First- and Second-Level Bias in Automated Decision-making

Philosophy & Technology - Tập 35 - Trang 1-20 - 2022
Ulrik Franke1,2
1RISE Research Institutes of Sweden, Kista, Sweden
2KTH Royal Institute of Technology, Stockholm, Sweden

Tóm tắt

Recent advances in artificial intelligence offer many beneficial prospects. However, concerns have been raised about the opacity of decisions made by these systems, some of which have turned out to be biased in various ways. This article makes a contribution to a growing body of literature on how to make systems for automated decision-making more transparent, explainable, and fair by drawing attention to and further elaborating a distinction first made by Nozick (1993) between first-level bias in the application of standards and second-level bias in the choice of standards, as well as a second distinction between discrimination and arbitrariness. Applying the typology developed, a number of illuminating observations are made. First, it is observed that some reported bias in automated decision-making is first-level arbitrariness, which can be alleviated by explainability techniques. However, such techniques have only a limited potential to alleviate first-level discrimination.
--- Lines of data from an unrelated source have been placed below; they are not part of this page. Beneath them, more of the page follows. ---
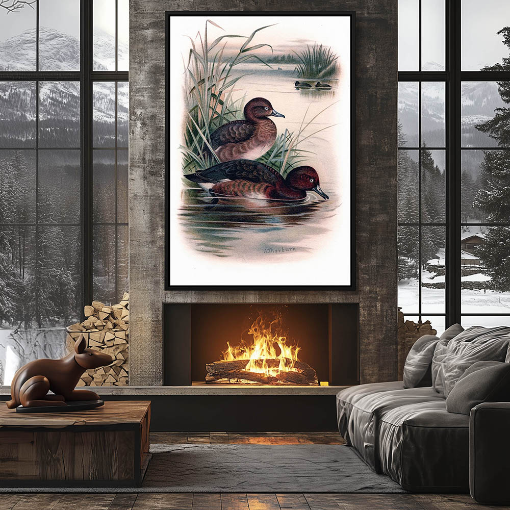 Painting of White Eyed Pochards Ducks in the Water Next to the Reeds
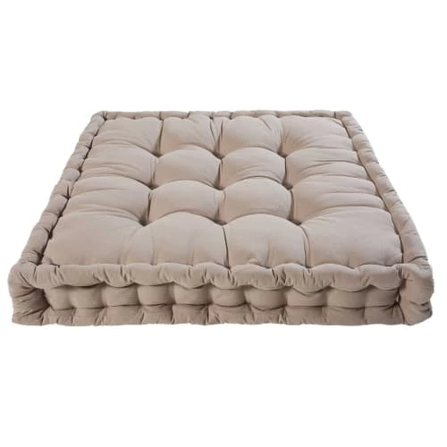Vous prendrez goût au confort de ce matelas en coton taupe 90×90 cm, idéal dans un salon convivial ou sur une terrasse ensoleillée !
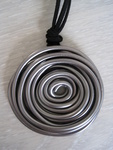 2010antraciet kleurige hanger van 4mm alluminiumdraad, doosnede 7 cm, aan zwarte leder look lang koord
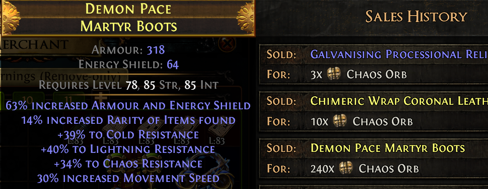 >>561496832>but I can't see a way to get more easilythe baseline should be starting with amethyst rings over other ring types if possible, because the implicit chaos res is already sizeable. they tend to be available from vendors in the campaign, and I like to fit my other gear around ensuring I have 2 of those no matter how shitty they are in terms of their prefixes/suffixes.>Am I missing anything obvious?use the passive tree early to relieve some ele resist pressure with nodes that are close, so that you can use suboptimal gear that happens to have chaos res. you don't need to cap chaos but keep it at around 50% at least imo.Breach tree, gold gamble, shipping for armour, betrayal drops (I like these a lot but watch out for Tora and Korrel and any member with bullshit petrification statues kek) can make it more likely that you get gear with chaos before you have enough essences/lifeforce/alts to put it together in other ways.The exalt/regal droprate buff should be leveraged, it's much more reasonable to alt and regal, or reforge and exalt gear now.
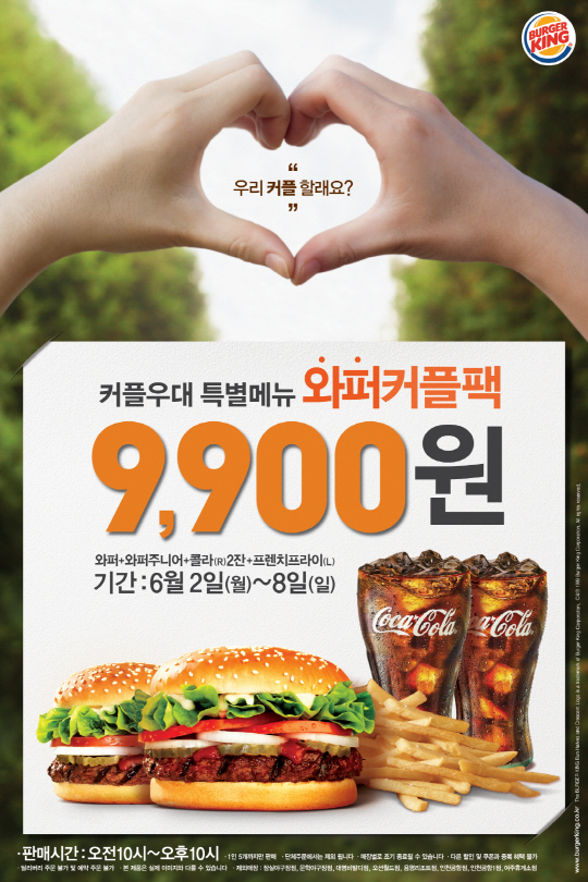 '와퍼커플팩'은 8일까지 7일 동안 버거킹 전국 매장에서 판매된다.
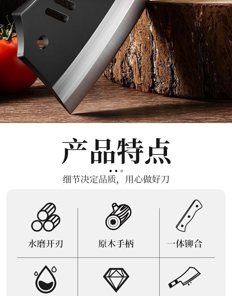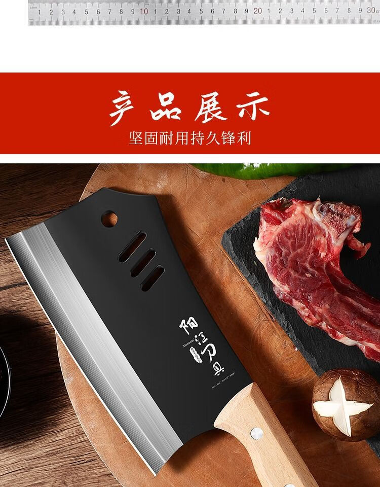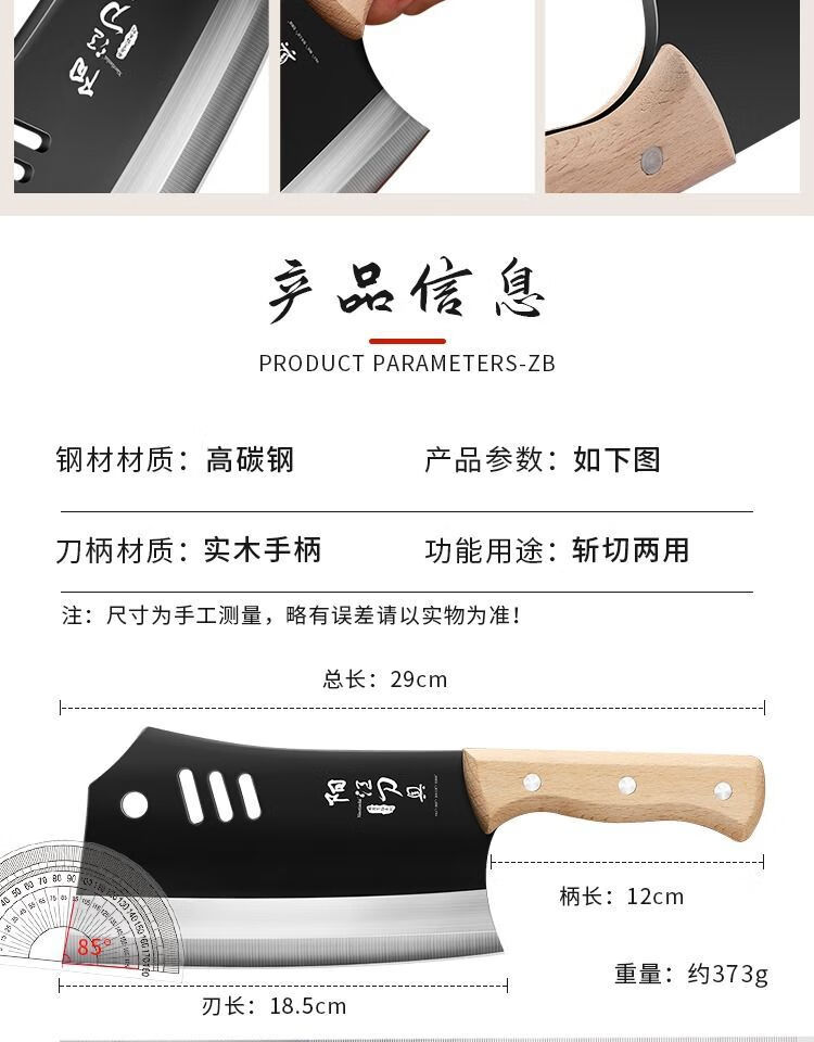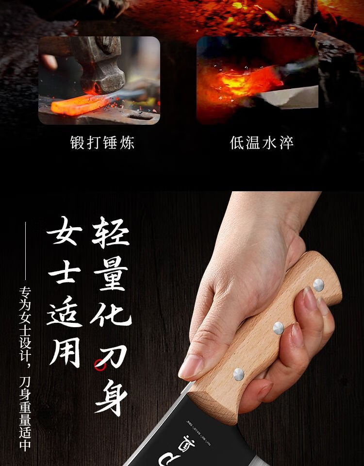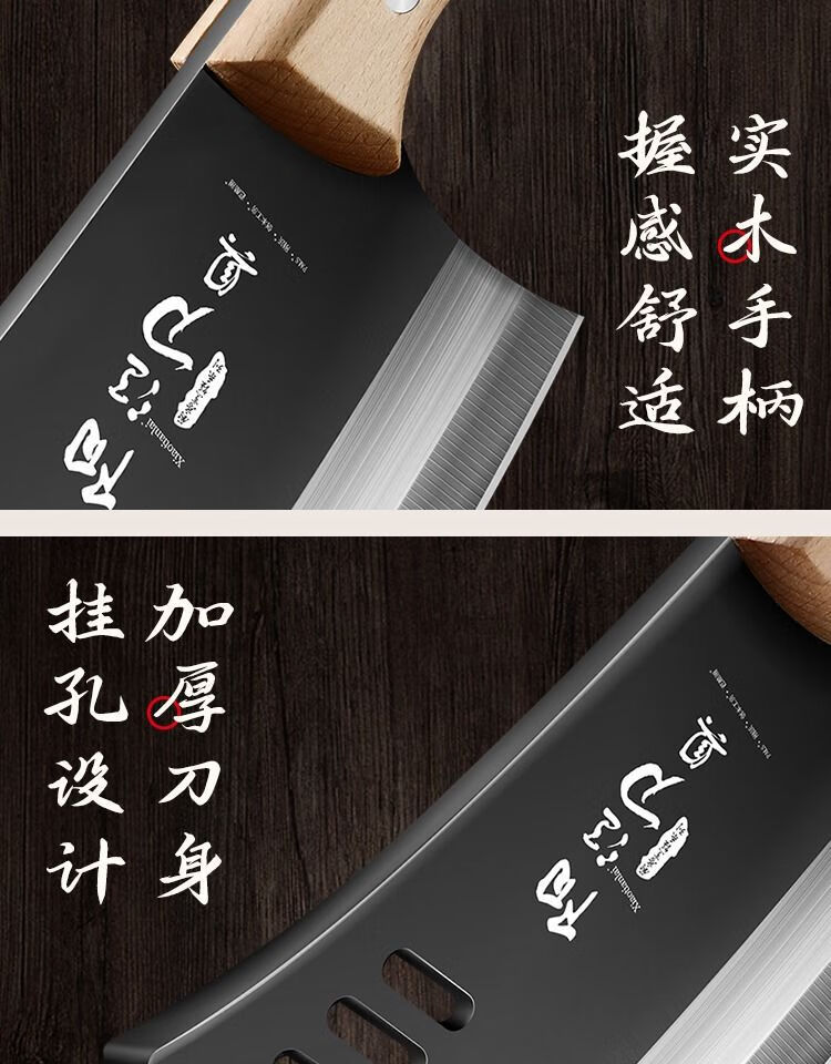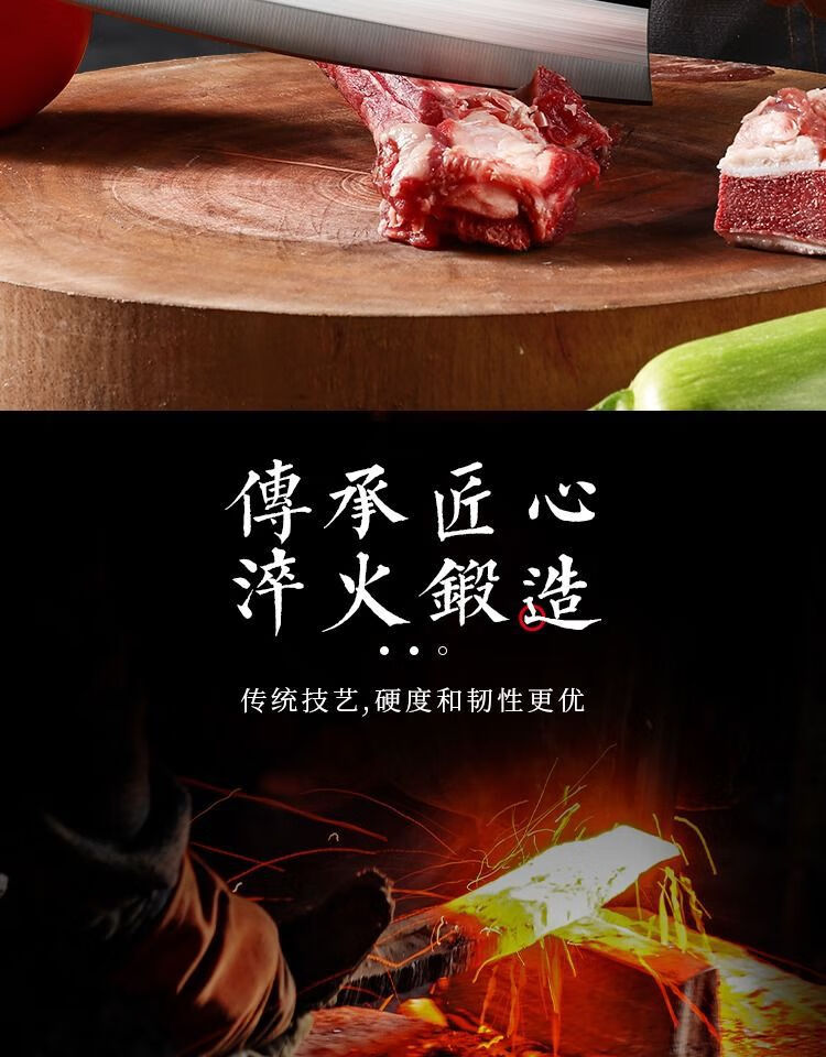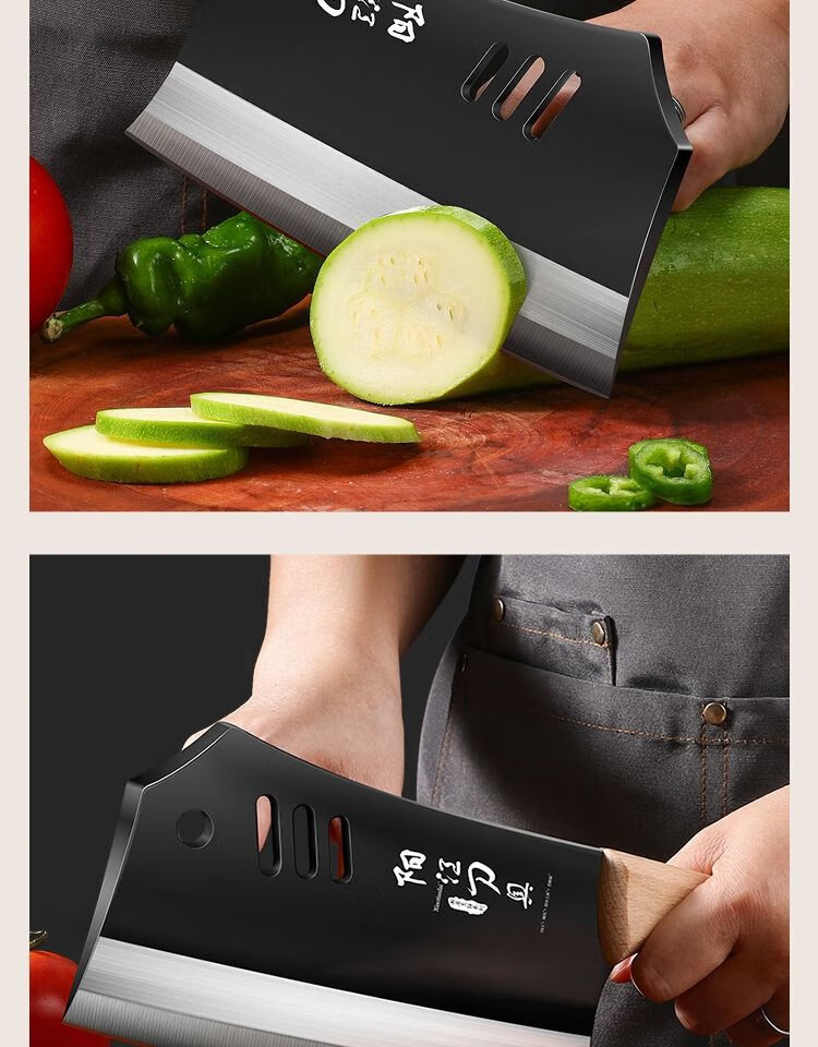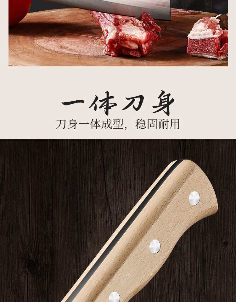 若拉淇菜刀家用厨房刀具切片切菜切肉刀砍斩骨头刀斩切两用刀锋利锻打刀 实木锻打砍切刀
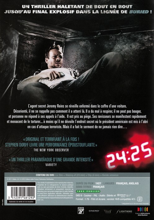 L'agent secret Jeremy Reins se réveille enfermé dans le coffre d'une voiture. Désorienté, il ne se rappelle pas comment il a atterri là. Il a du mal à respirer, il ne peut pas bouger, et personne ne répond à ses appels à l'aide. Il est pris au piège. Ses ravisseurs se manifestent rapidement et menacent de le torturer... à moins qu'il ne dévoile l'endroit secret où le président américain est mis à l'abri en cas d'attaque terroriste. Mais il a fait le serment de ne jamais rien dire...
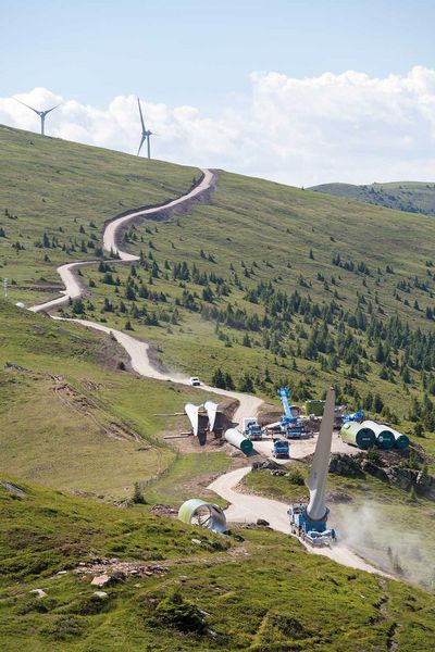 Little wonder considering the fact that the transshipment site for the components weighing up to 67 tonnes is already located 1,400 metres above sea level. From there, a comfor- table country road of 2.35 kilometres heads off in the direction of the construction site. After that, one has to negotiate a two-kilometre logging road. The last seven kilometres to the wind power construction site 1,700 metres above sea level are covered on a temporary road. This translated into difficult conditions and great challenges that can only be overcome using special transport vehicles.
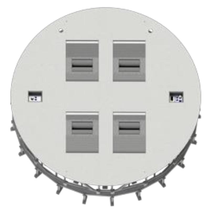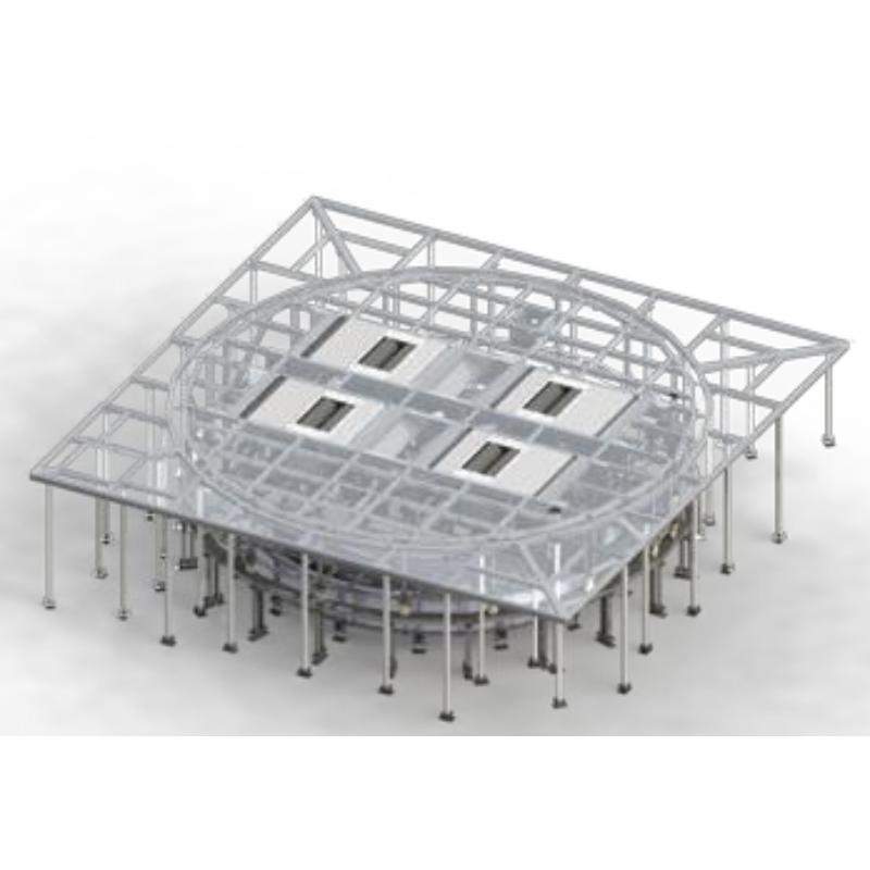 The turntable is designed for flush-mounted installation in electromagnetic absorption chambers. It supports rotational speeds from 0.1 to 0.5 rpm with high precision (+/- 0.5°) and features an acceleration/deceleration ramp for smooth start and stop, ensuring vehicle safety. The integrated emergency switches, limit switches, and positioning sensors further enhance operational safety.
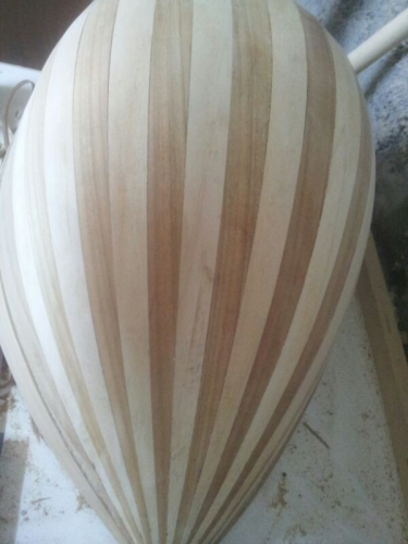 Ευχαριστω για τα καλα σας λογια αλλα υπαρχουν ατελειες που δεν φαινονται στις φωτο. Εχθες λοιπον ετοιμασα τα πραγματα για να κολησω το μανικο και για το χαρτωμα του σκαφους. Ηρθε και ενας πιτσιρικας να με βοηθησει στο εργαστηριο. Την ωρα λοιπον που εκοβα το χαρτι εριξε το σκαφος απο τον παγκο και η ζημια εγινε! Αφου κοιταξα το σκαφος καλα ειδα ενα ραγισμα σε μια δουγα κοντα στον μπροστα τακο. Αφου διαβασα την ολη Αγια Γραφη με το προθεμα γαμω μπροστα εβαλα  κολλα και το κολησα οσο καλυτερα γινοταν για να μην το ξηλωσω. Αποφασισα να συνεχισω διαφορετικα στην αρχη ειχα φτιαξει ενα μανικο με πολυ μεγαλη κλιση στο καραολο περιπου 20 μοιρες και απο την μια μερια ειχα φαει περισοτερο το πλαινο ξυλο. Οταν το ειδε ο κυριος Ανδρεου με προετρεψε να φτιαξω καινουριο οπως και εκανα. Οταν ειδα το ραγισμα λοιπον αποφασισα να βαλω αυτο για να μου μεινει το καινουριο για την επομενη κατασκευη.Το κολησα λοιπον χαρτωσα το σκαφος και ετοιμαζω το καπακι το οποιο επελεξα να ειναι απο κεδρο. Φωτο αυριο που θα ειμαι στο σπιτι.
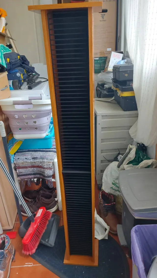 Torre organizadora para CDs en perfecto estado, casi sin uso.Tengo 3.Caben unos 80 Cd,s aproximadamente. - Diseño vertical y compacto. - Color madera clara y negro.
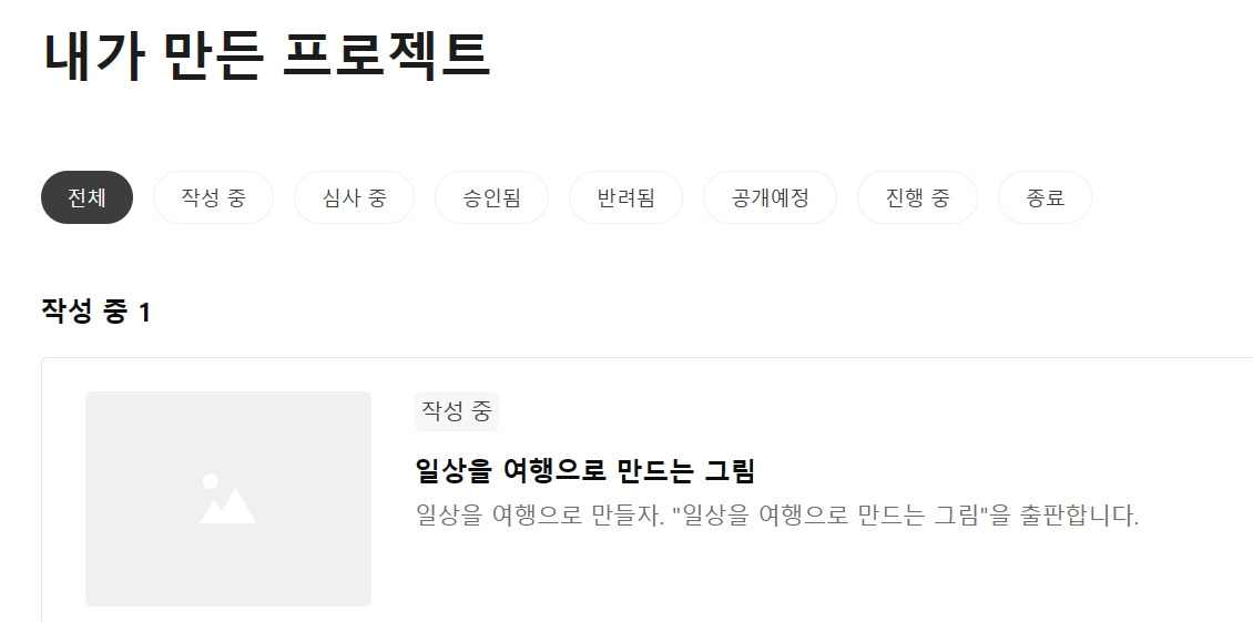 텀블벅의 펀딩 승인을 받아야 하는 것으로 알고 있습니다. 승인에 실패하는 경우도 종종 발생하는 것 같습니다. 과연 "일상을 여행으로 만드는 그림" 출간 프로젝트가 크라우드 펀딩에 올라갈 수 있을지 무척 궁금합니다.

Second, it is argued that second-level arbitrariness is probably quite common in automated decision-making. In contrast to first-level arbitrariness, however, second-level arbitrariness is not straightforward to detect automatically. Third, the prospects for alleviating arbitrariness are discussed. It is argued that detecting and alleviating second-level arbitrariness is a profound problem because there are many contrasting and sometimes conflicting standards from which to choose, and even when we make intentional efforts to choose standards for good reasons, some second-level arbitrariness remains.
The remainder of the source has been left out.